I know that $G$ is Eulerian iff all of the vertex degrees are even. So my thinking is that for any cycle graph $C_n$, its subdivision graph is Eulerian because each vertex has degree 2 and adding a new vertex at each edge doesn't change that. But I think my professor wants a more comprehensive answer. For the bipartite graph $K_{n,m}$ the subdivision graph will be Eulerian if $n$ and $m$ are both even so that the degree of all vertices is even.

From this, is it safe to say that the requirement for $S(G)$ being Eulerian is that $G$ is Eulerian? Am I missing something?

Would it also be correct to say that the requirement for $S(G)$ being Hamiltonian is that $G$ is Hamiltonian?

  • $\begingroup$ I believe you're right about Eulerian, but I have my doubts about Hamiltonian. Why don't you take some small Hamiltonian graph $G$ that's not just a cycle, and try to find a Hamiltonian cycle in $S(G)$? $\endgroup$
    – bof
    Dec 4, 2020 at 11:46

1 Answer 1


I'm going to assume $S(G)$ is $G$ with every edge subdivided. Let $|G| = |V(G)|$ and $||G|| = |E(G)|$.

$G$ is Eulerian if and only if $S(G)$ is Eulerian.
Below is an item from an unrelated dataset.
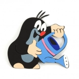 Süßer Maulwurf mit blauer Kanne, ideal als Teil der Kinderdeko.
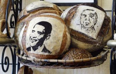 把大選候選人頭像烤上面包,這一創(chuàng)意目前在眾多的面包房間流傳開來。

Subdividing an edge adds a vertex of degree $2$ and preserves all other degrees, and thus if $G$ is Eulerian $S(G)$ is Eulerian. If $S(G)$ is Eulerian, suppose $G$ is not Eulerian. Find a contradiction.

If $G$ is Hamiltonian (has a Hamiltonian cycle), then it is not necessarily the case that $S(G)$ is Hamiltonian.
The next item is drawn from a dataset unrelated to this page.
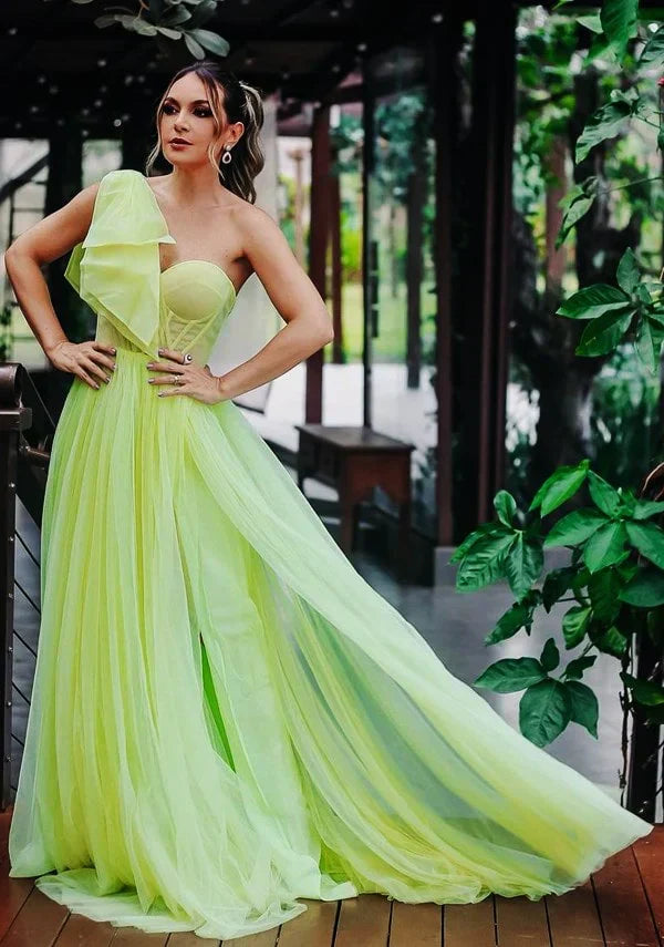 Experience elegance and allure with our Yellow Prom Dress. featuring a unique one-shoulder design and a sexy high slit. The flowing layered tulle skirt creates a luxurious look. while the long floor length provides a sophisticated silhouette. The no sleeve design adds to the modern style.

Can you find infinitely many examples? Here's one: $K_4$.

In order to characterize you need to make a few observations.

Suppose $S(G)$ is Hamiltonian and let $C$ be a Hamiltonian cycle in $S(G)$. Note, $S(G)$ replaces each edge $uv$ of $G$ with a vertex $a$, and adds edges $ua,av$. Let $A\subseteq S(G)$ be the set of all such $a$. For every $a \in A$, we have $\deg_{S(G)}(a) = 2$. We know $C$ must use $|S(G)|$ edges. Simultaneously, $C$ must use every edge with an end point in $A$ (why?). Conclude from this that $$|S(G)| = |C| = ||S(G)||$$ and thus $S(G)$ is a cycle, and thus $G$ is a cycle.

For your last question, if I understand it correctly.

If $S(G)$ is Hamiltonian, then $G$ is Hamiltonian.

Hint: Find a Hamiltonian cycle in $S(G)$, how can you extend this to a Hamiltonian cycle in $G$.